Task directions:
The line with "金舟语音转文字软件是一款好用" starts the range, and the last line of the listing ends it. Retype that range exactly, without pictures.

Information provided:
########

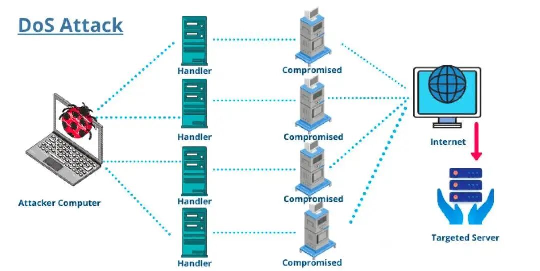 Denial-of-Service (DoS) attacks are one of the most primitive forms of cyberattacks. Attackers use a single computer or a limited number of devices to send a massive number of invalid requests to a target server, or exploit system vulnerabilities to consume its core resources such as bandwidth, memory, and CPU. It's like someone continuously dialing a company's front desk, preventing legitimate customers from getting through—the target system, exhausted of resources, cannot respond to legitimate users' requests, ultimately resulting in a service outage. This type of attack is characterized by its single source, relatively limited scale and destructive power, and relatively low difficulty to defend against.
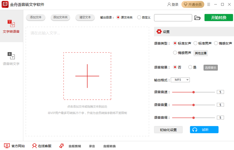 金舟语音转文字软件是一款好用的语音转换工具,金舟语音转文字软件电脑版之中用户可以在软件之中翻译各种语音内容,可以将视频、音频等内容进行文字译制,非常强大,支持长媒体文件,还可以对音频内容进行一定的编辑,基本可以满足音频工作者们部分需求。
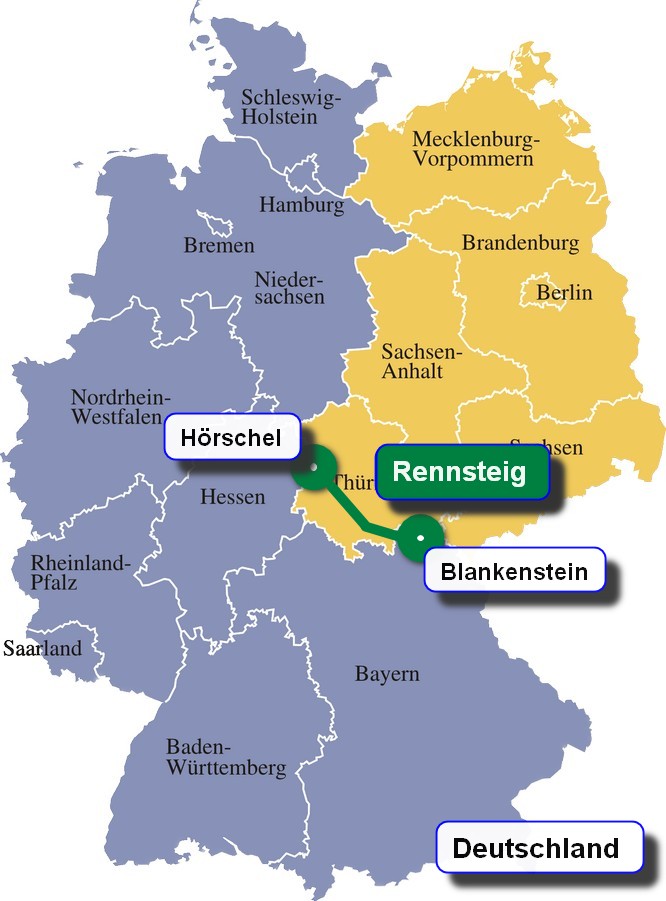 Ortschaften, durch die der Rennsteig verläuft:

########

Exercise solution:
 金舟语音转文字软件是一款好用的语音转换工具,金舟语音转文字软件电脑版之中用户可以在软件之中翻译各种语音内容,可以将视频、音频等内容进行文字译制,非常强大,支持长媒体文件,还可以对音频内容进行一定的编辑,基本可以满足音频工作者们部分需求。
 Ortschaften, durch die der Rennsteig verläuft:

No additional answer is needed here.